という疑問を口に出していいかどうかネフィアは迷う。
と。
見る間にガルナの姿が、シャツにズボンの村の若者姿に変わった。ツバつきの帽子まで被っている。
「えっ!?
翼はどこにいっちゃったの?
服はどうやって???」
「これは目くらまし」
どこをどう見ても普通の人間の姿のガルナであるが、具合の悪いのは隠せないらしく、息は荒い。

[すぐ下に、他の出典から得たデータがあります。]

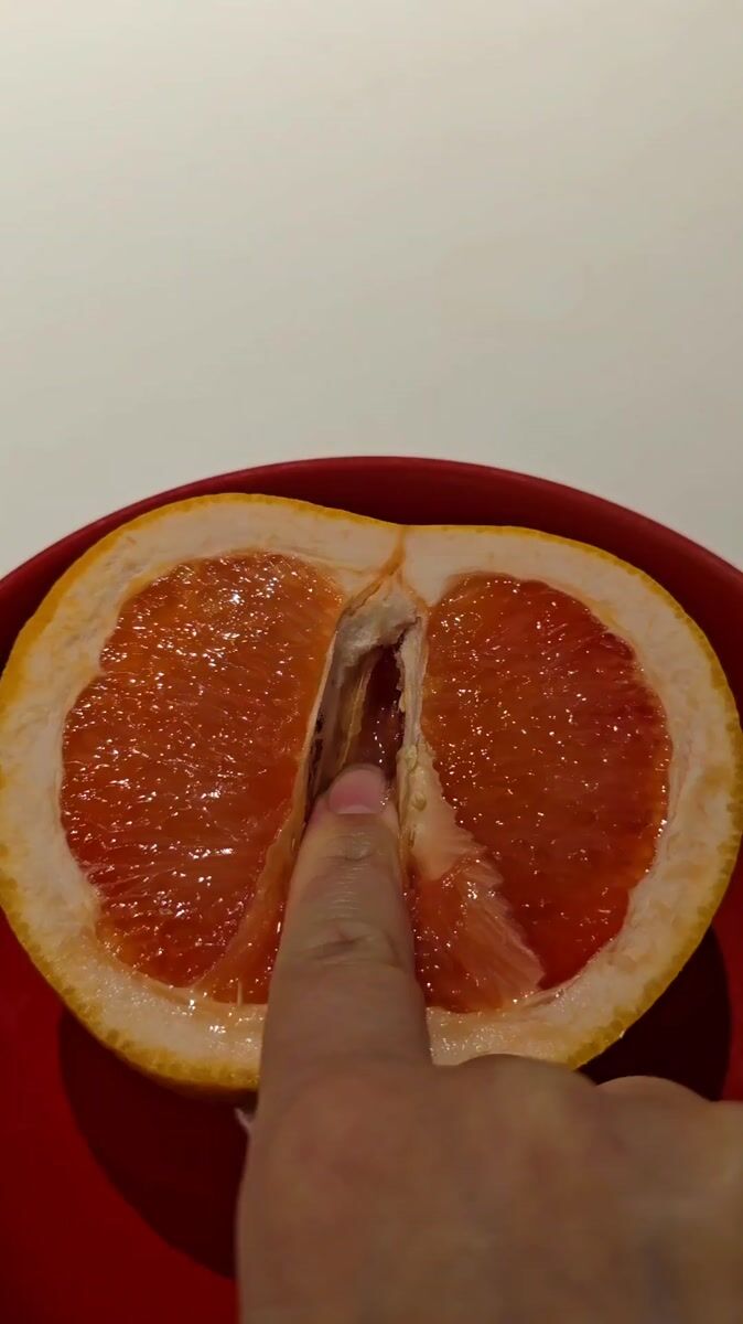 Person touches halved grapefruit in red bowl, Khimki

そんな連れの姿に、出会いからずっと慌ただしすぎて感じる暇のなかったものを感じた。
契約して、その命である心臓を手にしているとはいえ、ガルナは恐ろしい魔物なのだ。人外の魔力を持ち、ネフィアの知る世界とは違う理で存在するものなのだ。
やがてガルナのいう通り、木々の間から馬車が現れた。
正体どころか体調不良すら隠し、愛想のよい若者として手綱を持つ男に話をつけた翼の魔物が、荷台に飛び乗りネフィアに手を差し伸べる。
「ほら、乗れよ」
だがネフィアの足は動かない。
「どうした?」
まだためらうネフィアの腕の中で、マルが促すように鼻を鳴らした。
上から覗き込むガルナの顔には、よくみれば疲弊の跡が見て取れる。
ネフィアは腕に下げた布製のバッグに目を落とす。
そこにこの魔物の心臓がある。
少なくともこの心臓を持っている限り、この魔がどんな存在でも、ネフィアのパートナーであることは間違いない。
「今は乗るしかないわよね」
ネフィアは小さくマルに囁き、差し伸べられたガルナの手を取った。